I am still to fit Nest, I fitted a couple of eTRV's and to be frank they did not work as expected. I realise it's not the eTRV's fault, it was me expecting too much. I thought I could change temperatures during the day, giving a warm room in the day, slightly warmer in evening, then cooling at night, however the fabric of the building stores more heat than I realised and although the eTRV heats up OK, it does not cool down that fast, so the whole idea of saving energy and more to point having room at exactly the temperature required simply did not work, the morning sun through the bay window heats up the room what ever controls I fit.

The house is simply too slow to cool down for the eTRV's to control the room at different temperatures through the day, it's not the eTRV's fault, it is the design of the house. So really the standard TRV does a reasonable job.

There is a huge difference between TRV control and room thermostat control, the room thermostat turns the boiler off and on so will always have a hysteresis problem, the good TRV adjusts the flow neither turning fully on or off but maintaining the temperature. The boiler is designed to work with TRV's and the flame height alters to suit the demand, so the rooms are held at a near constant temperature. The room thermostat is really for when the TRV fails to maintain the temperature in the summer months as although most boilers do have anti-cycle software they still tend to fire up when not required.

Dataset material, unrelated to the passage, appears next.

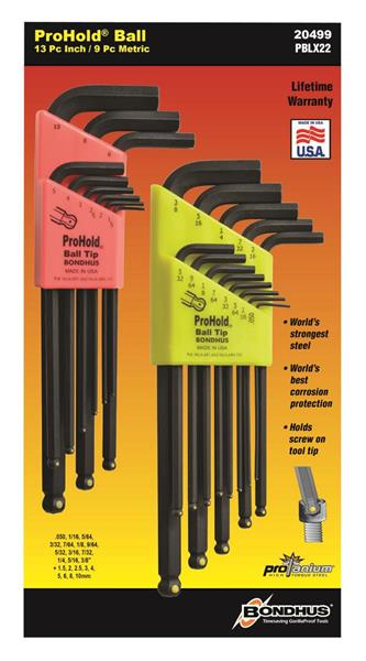 ProHold Ball End Tip Hex Key L-wrench with ProGuard™ Finish - Double Set. Includes 74937 (13 Pieces - Long Arm - Sizes: .050", 1/16", 5/64", 3/32", 7/64", 1/8", 9/64", 5/32", 3/16", 7/32", 1/4", 5/16" & 3/8") & 74999 (9 Pieces - Long Arm - Sizes: 1.5mm, 2mm, 2.5mm, 3mm, 4mm, 5mm, 6mm, 8mm & 10mm) Packaged in Bondhex Color Coded Case.

This is were the system falls down, if we change the wall thermostat then we also need to adjust all the TRV's to suit. Using the complete off function of Nest or complete On function while a work will work, but varying the temperature during the day will not unless you use eTRV's which can be set to follow the Nest thermostat. And once eTRV's are used then the room temperatures can be set with the phone without using Nest. Although Nest does help as it ensures the boiler fires up, but it is the eTRV's which control room temperature.

I wish I had realised how slow the house cooled, I should have realised, when the old thermostat failed it took some 6 hours before I realised it was a little cold in the room, it does depend on the house, my first house had hot air ducted around the house, and that house would have worked A1 with Nest, but here in my mothers house I have found there is no real point in eTRV's or any other thermostat to raise and lower temperature during the day, as the house simply takes too long to cool down.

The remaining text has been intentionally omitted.